A lot of this boils down to IBS, which is a functional gut condition, rather than a food intolerance.

Dr Megan Rossi, a research fellow at KCL and the author of Eat Yourself Healthy, describes IBS as “a dysfunction in communication between the gut and the brain. We’re not entirely sure why and how that happens.”

Rossi drinks kefir — fermented cows’ milk — daily. It has a positive effect on gut health because the microbes responsible for fermentation produce chemicals that interact with the brain, on what is known as the gut-brain axis.

So the food you eat affects your mental health, as Manderson has found.

In one Australian trial, 76 participants with moderate-to-severe clinical depression were split into two groups. One stayed on their regular medication, but were given a gut-boosting diet high in fibre. The other remained on their usual diet of processed foods.

After three months, 30% of the high-fibre group had such a pronounced reduction in their depression scores that they were no longer classed as clinically depressed.
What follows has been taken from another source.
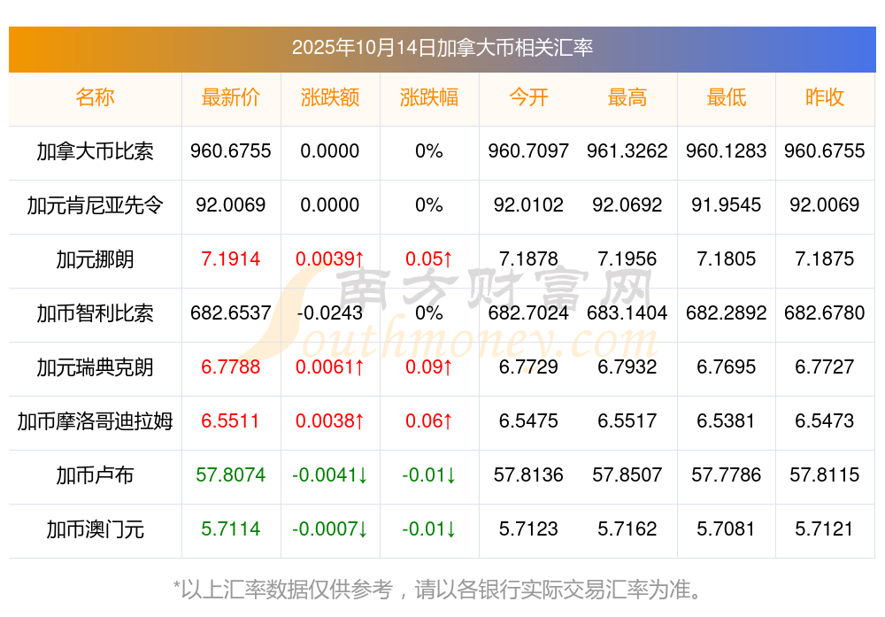 2025年10月14日加拿大幣相關(guān)匯率查詢
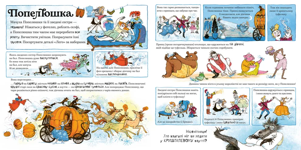 Жив собі Великий Сірий Вовк, який не вірив у всілякі казкові нісенітниці. Як-от чи справді могла Попелюшка танцювати у кришталевих туфельках? І чому тільки у неї була така нога, щоб влізти в таку туфлю? Або ж чи так легко дмухнути і зруйнувати солом’яний будиночок? Не кажучи вже про те, що вовк просто НЕ МОЖЕ проковтнути бабусю цілком, хіба перетвориться на якогось вовкопітона.

For the placebo group, that figure was 8%.

At present, the medical world still questions the effectiveness of probiotics. “Although microbial research has exploded over the past five years, it is still in its infancy,” said Dr Gemma Newman, a medical doctor of 16 years, with a book, The Plant Power Doctor, out in January next year.

“We don’t yet fully know whether probiotic supplements are going to be any good for us long term. But we know that prebiotic supplements may be. 

“They are essentially ways to feed our good gut bugs. That’s why having more plants in our diets is absolutely integral to long term gut and immune health. 

“Healthy gut bugs feed on dietary fibre. You’re not feeding gut bugs if you’re not eating fibre. That is a prebiotic. Places where you can get these prebiotics are fruits, vegetables, and whole grains.” 

Forget three-day green juice cleanses: good gut health boils down to moderation and plant diversity. The consensus is that we should be eating a rainbow of 30 different types of plant-based foods every week. Those differences can be as minimal as green and yellow peppers: each will have a varying composition of chemicals and fibres, appealing to slightly different gut bacteria.

Overton said: “We’re all coming out of the scientific food revolution, where we’re thinking science is going to tell us what to eat, when in reality, it’s our grandparents who are telling us what to eat.”